JOHN MAINA KANYI  ………...….………………… APPELLANT

Versus

REPUBLIC ………………………..……………… RESPONDENT

(Being an appeal against the conviction and sentence by P. NGARE GESORA, Ag Senior Resident Magistrate, in the Senior Resident  Magistrate’s Criminal Case No. 3127 of 2006  at KANGEMA)

CONSOLIDATED WITH

REPUBLIC OF KENYA

IN THE HIGH COURT OF KENYA AT NYERI

CRIMINAL APPEAL NO 150 OF 2007

STEPHEN IRUNGU KARIUKI ……......…………… APPELLANT

Versus

REPUBLIC ………………………..……………… RESPONDENT

(Being an appeal against the conviction and sentence by P. NGARE GESORA, Ag Senior Resident Magistrate, in the Senior Resident  Magistrate’s Criminal Case No. 3127 of 2006  at KANGEMA)

JUDGMENT

Both appellants were charged in the lower court of Breaking into building and committing a felony contrary to Section 306 (a) of the Penal Code.  The alternative charge in count 1, the appellants were charged with Handling stolen goods contrary to Section 322 (1) of the Penal Code.  On the second count they were again charged with Breaking into a building and committing a felony contrary to Section 306(a) of the Penal Codeand in thealternative Handling stolen goods contrary to Section 322 (1) of the Penal Code.  They pleaded not guilty but after trial they were convicted and sentenced to 6 years for each appellant on each count.  They have appealed against the conviction and sentence.

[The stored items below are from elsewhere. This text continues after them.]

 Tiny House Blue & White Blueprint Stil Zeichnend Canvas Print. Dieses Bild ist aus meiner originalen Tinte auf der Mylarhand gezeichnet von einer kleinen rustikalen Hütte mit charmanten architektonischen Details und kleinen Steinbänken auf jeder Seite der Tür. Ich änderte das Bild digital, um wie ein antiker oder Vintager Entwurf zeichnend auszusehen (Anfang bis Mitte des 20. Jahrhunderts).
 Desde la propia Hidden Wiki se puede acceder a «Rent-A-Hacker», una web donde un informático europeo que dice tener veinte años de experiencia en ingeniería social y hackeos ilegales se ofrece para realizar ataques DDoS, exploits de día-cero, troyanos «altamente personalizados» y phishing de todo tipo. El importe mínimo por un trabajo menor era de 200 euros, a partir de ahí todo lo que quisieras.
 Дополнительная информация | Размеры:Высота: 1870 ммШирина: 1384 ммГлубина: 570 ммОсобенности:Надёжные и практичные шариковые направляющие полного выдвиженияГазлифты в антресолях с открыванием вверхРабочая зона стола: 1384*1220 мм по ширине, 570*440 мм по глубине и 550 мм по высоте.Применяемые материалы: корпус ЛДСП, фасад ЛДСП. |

This court is duty bound to reevaluate the evidence of the lower court.  That duty is susitanly set out in the case of  OKENO vs REP (1972) EA 32 in that case the court of appeal had the following to say:-

“An appellant on a first appeal is entitled to expect the evidence as a whole to be submitted to a fresh and exhaustive examination (Pandya VS R., (1957) E.A. (336) and the appellate court’s own decision on the evidence.  The first appellate court must itself weigh conflicting evidence and draw its own conclusions.  (Shantilal M. Ruwala vs R.(1957) E.A. 570).  It is not the function of a first appellate court merely to scrutinize the evidence to see if there was some evidence to support the lower court’s findings and conclusion; it must make its own findings and draw its own conclusions.  Only then can it decide whether the magistrate’s findings should be supported.  In doing so, it should make allowance for the fact that the trial court has had the advantage of hearing and seeing the witnesses, see Peters vs Sunday Post (1958)E.A. 424. ”

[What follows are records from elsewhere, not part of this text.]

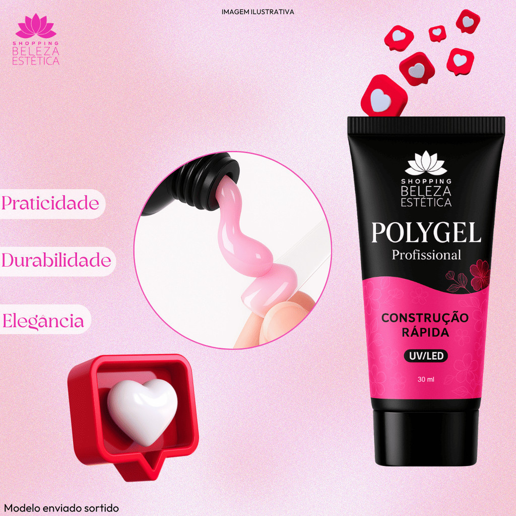 Kit Polygel Unhas Profissional – Molde F1 + Lixa + Mini Cabine UV/LED – Nail Designer Completo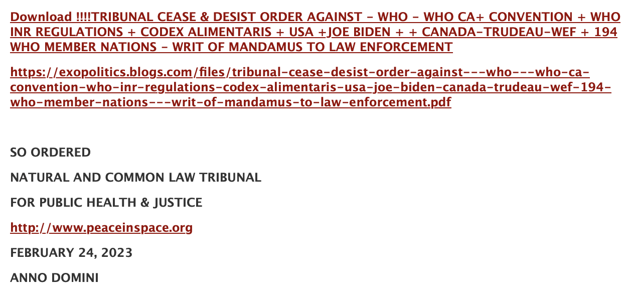 In 2023 Alfred Lambremont Webre's tribunal issued an "EMERGENCY INJUNCTION AND TRIBUNAL ORDER TO IMMEDIATELY CEASE & DESIST A CRIMINAL CONSPIRACY TO COMMIT WAR CRIMES, GENOCIDE & CRIMES AGAINST HUMANITY", where the defendants included the WHO, Joe Biden, Anthony Fauci, Klaus Schwab, and Theresa Tam: [https://web.archive.org/web/20230227035656/https://exopolitics.blogs.com/international_criminal_co/2023/02/natural-and-common-law-tribunal-for-public-health-and-justice-wwwpeaceinspaceorg-to-a-2009-2023-lockstep-ongoing-c.html]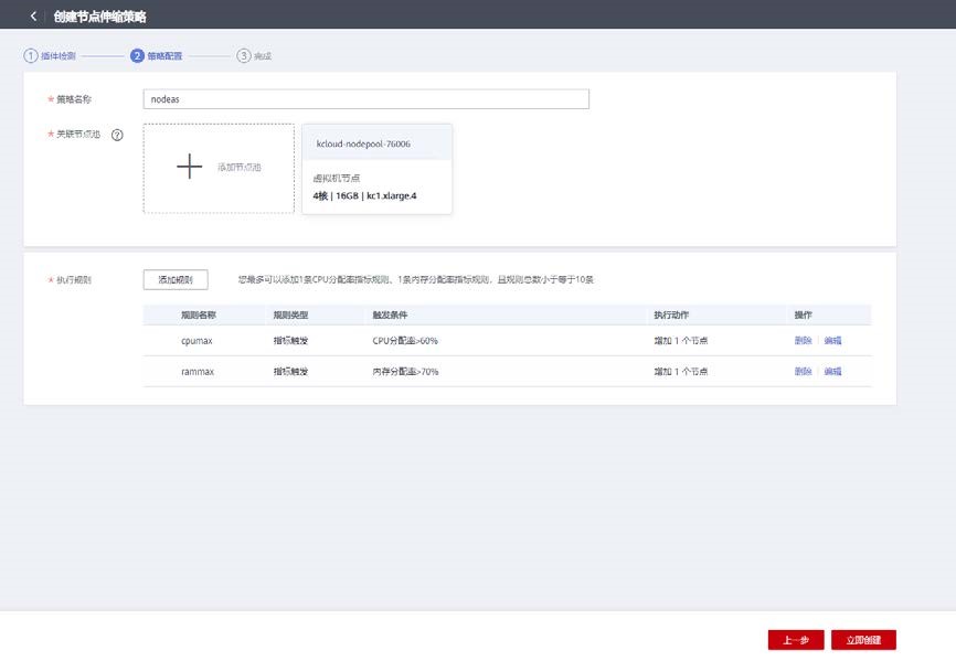 配置策略名称 nodes,关联所创建的节点池,配置添加策略。当 CPU 分配率大于 60%,增加一个节点。当内存分配率大于 70%,增加一个节点。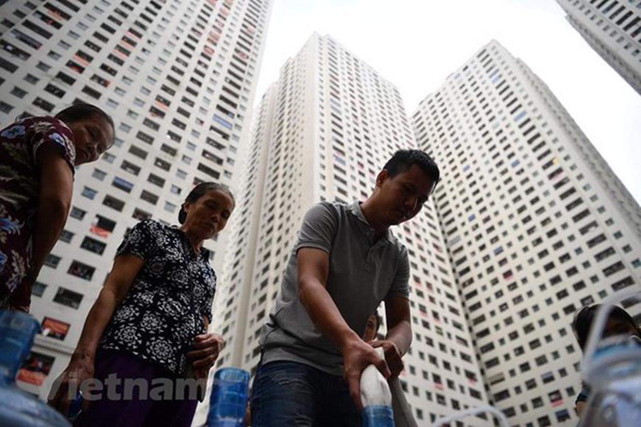 Người dân Linh Đàm lấy nước sạch về sử dụng sau sự cố Viwasupco (Ảnh: Minh Sơn/Vietnam+)

The evidence of PW 1 and 2 was that they suffered a break-in into their shop.  They both gave a list of the items that were recovered and had been stolen from their respective shop.  In respect of PW 1 he stated that the following was stolen from his shop.

·    Radio cassette,

·    6-2kg wheat flour (Chef),

·    2kg of sugar and

·    3 packets 100 G, tealeaves.

In respect of PW 2 she listed the following items that were stolen and had been recovered.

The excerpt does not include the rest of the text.